I also started to eat better too and my interests for food and nutrition once again returned. It wasn’t long before I started to cook again, became a vegetarian and finally realized my dreams for working with people to help them find the same daily happiness I was experiencing. I was like a sponge, my thinking so much clearer, and my desire to discover optimum health for myself and others continued to get stronger every day! I could never get to class as much as I would have liked. That’s the hard part about having more responsibilities than oneself. Work, kids, house, and everything in between still existed and I could not attend class every day, but still enough to be receiving the healthful benefits I had grown to appreciate. Pretty soon I was signing up for college again, feeling even more empowered and invincible than ever. I could envision my future in a way that was undeniably full of real possibilities now, and my hope to help others realize their own truth and happiness was already beginning to happen. My kids being the best example of this transition, their outlook on life continues to be so contented and joyful.

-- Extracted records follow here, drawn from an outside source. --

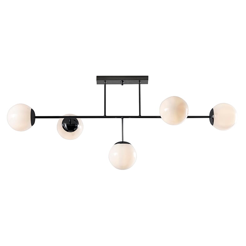 Luce diffusa, omogenea e avvolgente per questa lam pada da parete e da soffitto dal design moderno eminimale. Struttura in metallo cromato oppure nella versione bianco o nero opaco, con cinque punti l uminosi omnidirezionali in vetro bianco latte perla versione da soffitto e una sfera per la versione da parete. Si presta ottimamente per l?installazione sopra un tavolo, per arredare in modo scenografico la zona living o in luoghi ristretti o di passaggio. Attacco E14 che consente di montare lampa dina LED.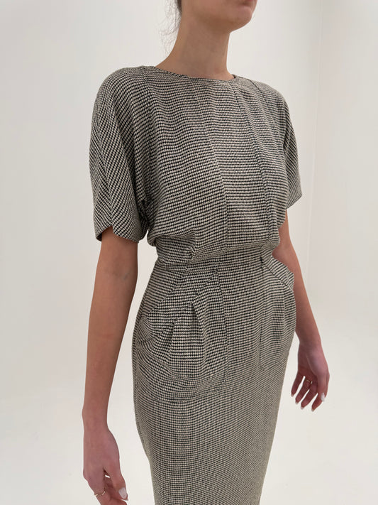 Rochie vintage în carouri din lana extrafina cu talie marcată elastică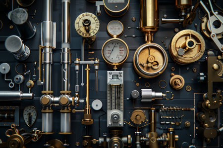 Vintage industrial control panel with brass gauges and valves. That the image is generated using AI.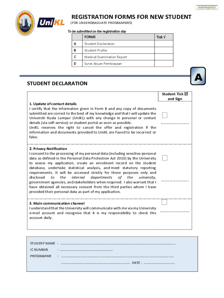 Acid/Reef/2023REGISTRATION FORMS FOR NEW STUDENT (FOR UNDERGRADUATE Programs) To be submitted on the registration day FORMS Student DeclarationBStudent ProfileCMedical Examination ReportDSurat Asian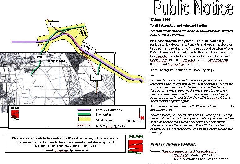 In order to be ensure that you are registered as an interested and/or affected party, please submit your name , contact information and interest in the matter to Plan Associates (contact persons & contact details are given below) within 30 days of this notice. If you have already registered as an interested and/or affected pary, it is not necessary to register again.A public open evening on the PWV6 was held on 12 November 2003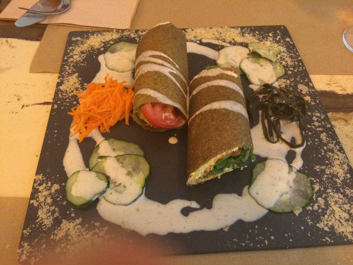 Recht neu am Start ist das „Rizoma“, nicht weit von der Sagrada Familia entfernt. 100% vegan und großartiges Essen, gekocht von einem Star in der spanischen Veganszene, wie man uns gesagt hat. Ein kleiner Laden, der sich kurz nach der Öffnung am Abend (mittags kann man hier aber auch essen) schnell füllt, von daher am besten früh hin. Das Ambiente ist nicht unbedingt sonderlich schön, aber das Essen entschädigt dafür. Sehr schön präsentiertes, wahnsinnig leckeres veganes Essen.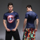 包邮超级英雄系列美国队长盾牌钢铁侠运动短袖夜跑紧身衣骑行服

A Stellar Life begins when we face our fears head on and make a decision to take control of our emotions, of our lives. Maybe Bikram yoga isn’t for everyone, even though I would highly debate that one on the side of the yogis. The experience of a Bikram class is not the same for everyone, because we are all individuals, each of us has our own needs and expectations to be met. I challenge you to at least give it a try, especially if you are facing any type of difficulty in your life, physical or emotional. Be prepared to push your edge, because isn’t that really what we have to do if we want results, if we want a change? God created us with this extraordinary ability to heal both inside and out. If only when we give ourselves the right conditions and stimuli. We are truly products of our environments and intakes- I have discovered Bikram yoga practice is a place to stretch out and dispose of all the garbage in my life, if any, and leave it behind so that I can take on the rest of my day, and my life feeling happier, healthier and lighter for it.